→ **Description of the task**
Up to and including the line holding "Fototapeta - A", write out the data exactly from its first line, but not the pictures.

→ **Input data**
== Segment start ==
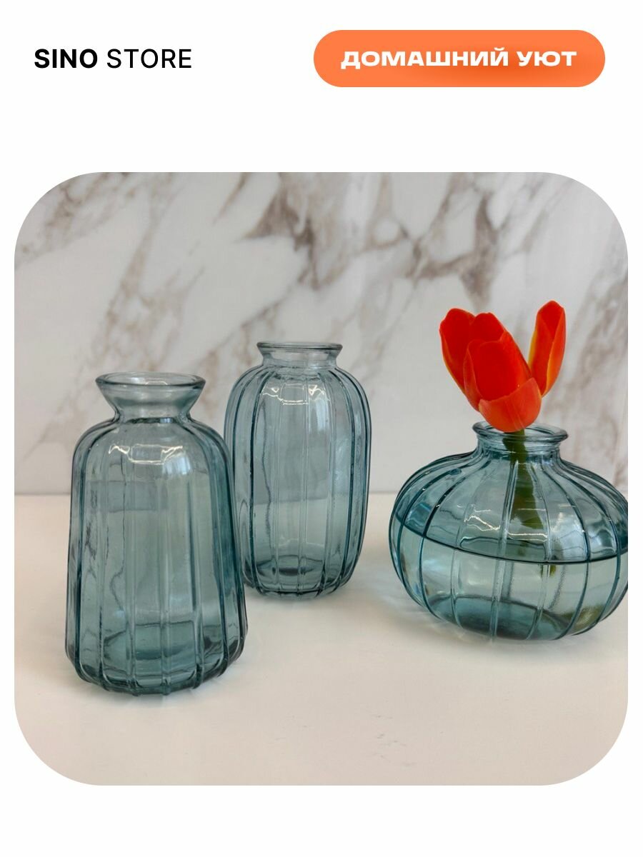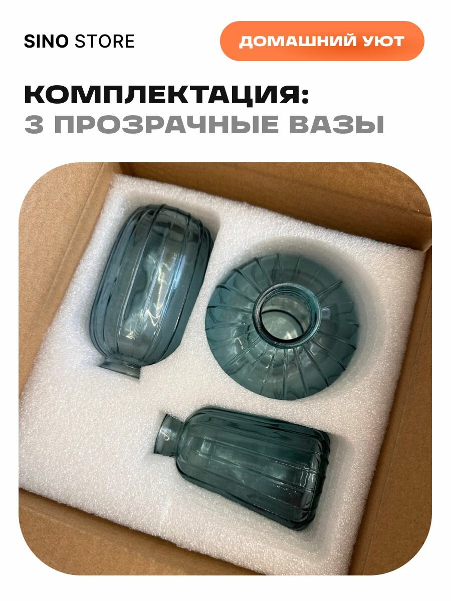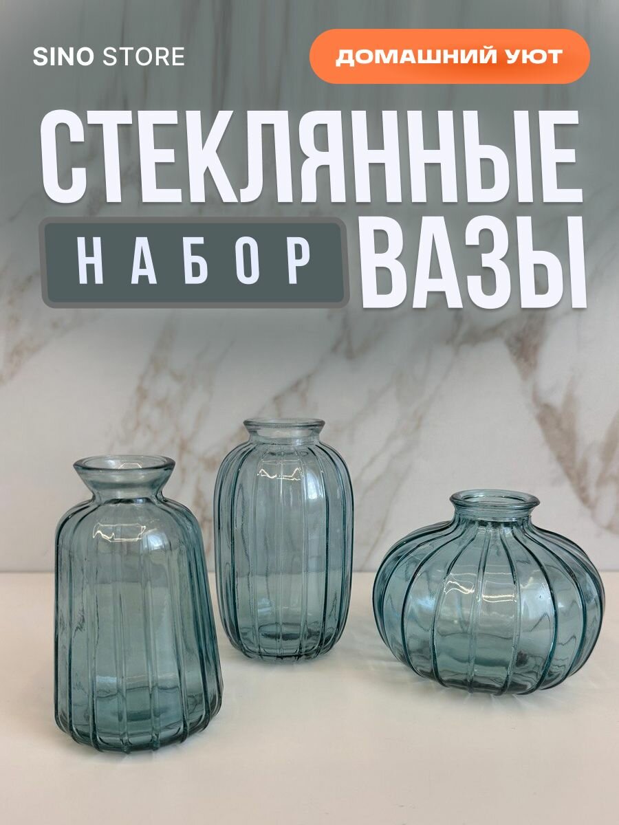 Интерьерный набор стеклянных ваз 3 штуки интересное:
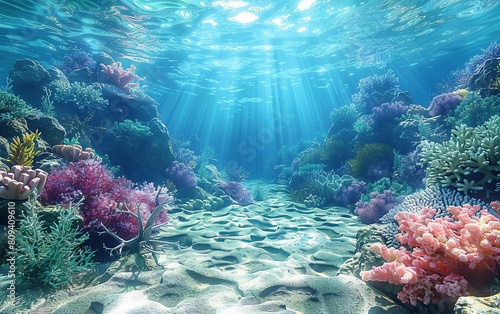 Fototapeta - A beautiful coral reef dropoff, where the shallow reef suddenly plunges into the deep blue abyss
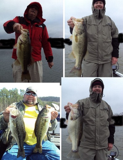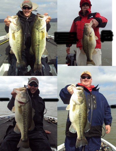 Last week was slow during the beginning of the week with the bigger fish really moving up later in the week. The first few days were hit and miss on numbers and quality. As the week went on the fish realy moved up with Friday and Saturday catching 40 fish with a 9lb 1 oz and 8lb 13 oz being our big fish. One day we had best 5 30 lbs and the next we had 28lbs. It seems like the lures doesn't matter catching fish on jerkbaits, traps, spinnerbaits, Big Bass Baits soft plastics, shallow and deep crankbaits, and Choo Choo Jigs. The main thing is fish staging areas where fish are moving to right before they go on bed. The seem to be in groups according to size which is fun when you start catching 4-6 lbers. The fishing should only get better as more fish keep moving up. I have days open in May.
== Segment end ==
→ **Answer for this exercise**
 Интерьерный набор стеклянных ваз 3 штуки интересное:
 Fototapeta - A beautiful coral reef dropoff, where the shallow reef suddenly plunges into the deep blue abyss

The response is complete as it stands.